The case of the application that used thread local storage it never allocated

Raymond Chen

An application compatibility issue was found with a program that crashed because its Thread Local Storage (TLS) slots were being corrupted.

Upon closer inspection, the real problem was not that the application’s TLS was being corrupted. The problem was that the application was using TLS slots it never allocated, so it was inadvertently using somebody else’s TLS slots as its own. And of course, when the true owner updated the TLS value, the application interpreted that as corruption.

It’s like just parking your car in a reserved space that belongs to someone else, and then when that other person parks in their own space, you complain, “Hey, what are you doing in my parking space?”

The program wants to allocate 38 TLS slots, and some reverse-compiling reveals that it does so like this:

DWORD g_firstTls;

bool AllocateContiguousTlsSlots()
{
    g_firstTls = TlsAlloc();

    for (int i = 1; i < 38; i++) {
        DWORD tls = TlsAlloc();
        if (tls != g_firstTls + i) return false;
    }
    return true;
}

The program calls TlsAlloc() 38 times, and requires that the values it receives are all consecutive. If any non-consecutive value is received, then it declares that TLS slot allocation has failed.

The problem is that the code that calls Allocate­Contiguous­Tls­Slots() doesn’t check the return value. It assumes that the allocations all succeeded!

What started happening is that the program allocated its first TLS slot and got 9. Then 10, then 11, and so on up to 15. But when it called TlsAlloc() again, the slot index it got back was 17, not the expected value of 16. This caused Allocate­Contiguous­Tls­Slots() to fail, but since the program never checked whether Allocate­Contiguous­Tls­Slots() succeeded, it just assumed that it had ownership of slots 9 through 46, even though it had only allocated 9 through 15, and then 17. Slots 16 and 18 through 46 were never allocated, but the program used them anyway.
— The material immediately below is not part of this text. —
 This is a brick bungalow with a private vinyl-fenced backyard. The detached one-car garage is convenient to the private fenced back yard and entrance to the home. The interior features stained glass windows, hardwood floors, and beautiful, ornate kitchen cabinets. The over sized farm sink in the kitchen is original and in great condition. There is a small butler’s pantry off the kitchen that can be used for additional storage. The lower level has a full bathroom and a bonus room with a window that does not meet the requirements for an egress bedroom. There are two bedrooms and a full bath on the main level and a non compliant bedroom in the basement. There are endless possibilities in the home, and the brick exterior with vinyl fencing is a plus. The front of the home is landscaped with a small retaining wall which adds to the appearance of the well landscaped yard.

Why did this start happening all of a sudden?

Because I made a performance optimization that reduced the memory usage of the system by 8KB per thread.
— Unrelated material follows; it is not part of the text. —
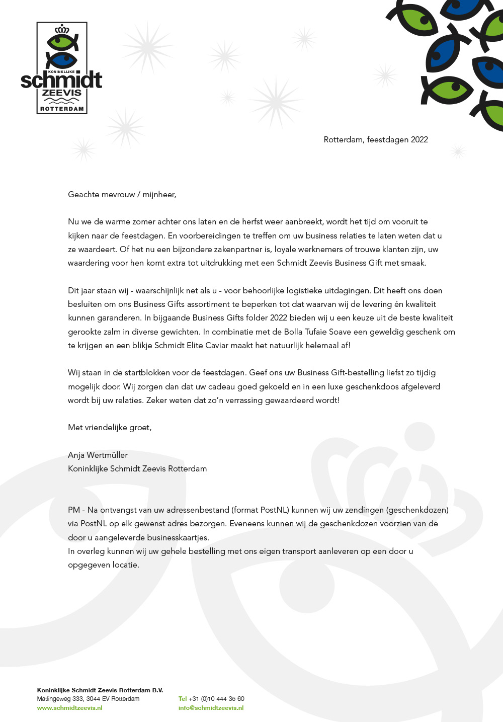 Met trots mogen we zeggen dat we het account van Schmidt Zeevis hebben overgenomen. Na een overdrachtsperiode realiseren we nu alle uiting voor Schmidt Zeevis. Denk hierbij aan brochures en flyers, beletteringen en narrowcasting systemen in de winkel. Maar ook verpakkingen, stickers, etiketten, dozen en eigenlijk zo'n beetje alles waar het Schmidt Zeevis logo op staat. Natuurlijk gebruiken we daarbij de bestaande herkenbare Schmidt Zeevis huisstijl. Waar nodig en gewenst zullen we deze stijl verder uitwerken.

Over the decades of its existence, the main DLL used by the shell, shell32.dll, accumulated quite a few features, and some of those features require TLS slots, so they allocate the TLS slots at initialization. It got to the point where a program that used shell32.dll and other frequently-used DLLs would end up allocating a total of over 64 TLS slots during initialization.

The value of 64 is important, because once the 65th TLS slot is allocated, the kernel goes into “overflow” mode and allocates an extra 1024 TLS slots for each thread, bringing the total to the magic number of 1088. On a 32-bit system, 1024 TLS slots occupy 4KB of memory. On a 64-bit system, it takes 8KB of memory. The result was that nearly every application that used shell32.dll (which in practice is nearly every application) was paying an extra 8KB of memory per thread.

But it’s rare that a single program exercises every single feature of shell32.dll.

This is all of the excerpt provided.